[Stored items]

————————

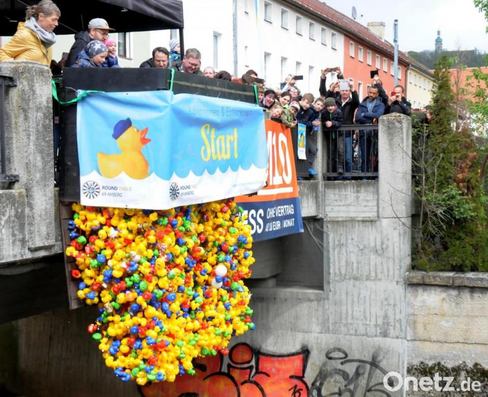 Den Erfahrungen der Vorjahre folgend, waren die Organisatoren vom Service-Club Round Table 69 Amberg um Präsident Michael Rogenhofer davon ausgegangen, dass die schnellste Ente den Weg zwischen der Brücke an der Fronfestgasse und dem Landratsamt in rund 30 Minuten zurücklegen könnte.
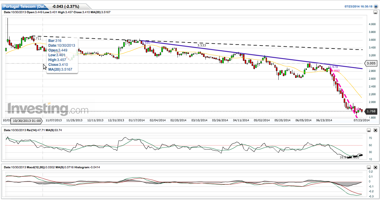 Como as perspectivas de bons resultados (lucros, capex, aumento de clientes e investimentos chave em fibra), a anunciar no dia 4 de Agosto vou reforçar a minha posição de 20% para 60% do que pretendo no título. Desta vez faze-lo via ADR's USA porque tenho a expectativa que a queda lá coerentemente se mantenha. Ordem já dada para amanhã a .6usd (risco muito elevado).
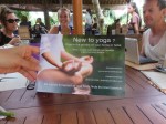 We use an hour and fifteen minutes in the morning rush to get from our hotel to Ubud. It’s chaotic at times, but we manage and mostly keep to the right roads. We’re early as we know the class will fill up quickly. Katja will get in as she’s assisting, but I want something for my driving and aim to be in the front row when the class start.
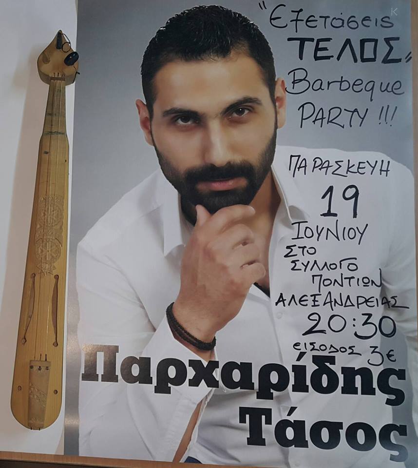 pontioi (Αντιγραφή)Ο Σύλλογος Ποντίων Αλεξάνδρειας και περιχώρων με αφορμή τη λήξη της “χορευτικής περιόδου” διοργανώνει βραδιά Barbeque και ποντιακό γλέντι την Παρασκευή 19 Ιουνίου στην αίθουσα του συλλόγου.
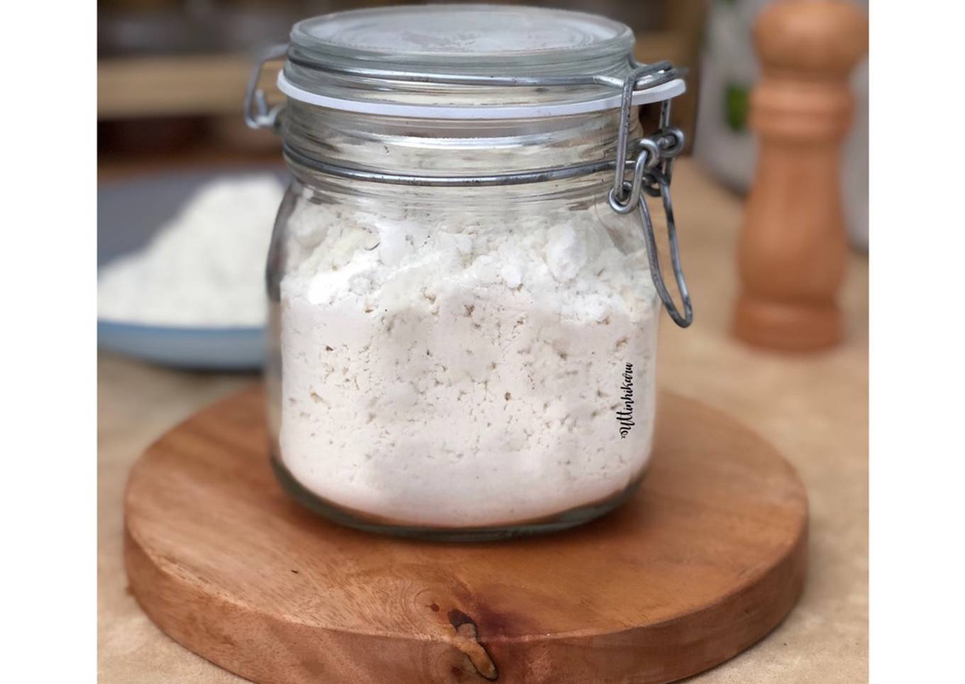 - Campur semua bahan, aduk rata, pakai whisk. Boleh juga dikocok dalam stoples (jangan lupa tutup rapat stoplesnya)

————————

What the task requires: From the line with "We use an hour" to the final line of the entries above, reproduce each line exactly and nothing else; the pictures stay out.

Task answer:
 We use an hour and fifteen minutes in the morning rush to get from our hotel to Ubud. It’s chaotic at times, but we manage and mostly keep to the right roads. We’re early as we know the class will fill up quickly. Katja will get in as she’s assisting, but I want something for my driving and aim to be in the front row when the class start.
 pontioi (Αντιγραφή)Ο Σύλλογος Ποντίων Αλεξάνδρειας και περιχώρων με αφορμή τη λήξη της “χορευτικής περιόδου” διοργανώνει βραδιά Barbeque και ποντιακό γλέντι την Παρασκευή 19 Ιουνίου στην αίθουσα του συλλόγου.
 - Campur semua bahan, aduk rata, pakai whisk. Boleh juga dikocok dalam stoples (jangan lupa tutup rapat stoplesnya)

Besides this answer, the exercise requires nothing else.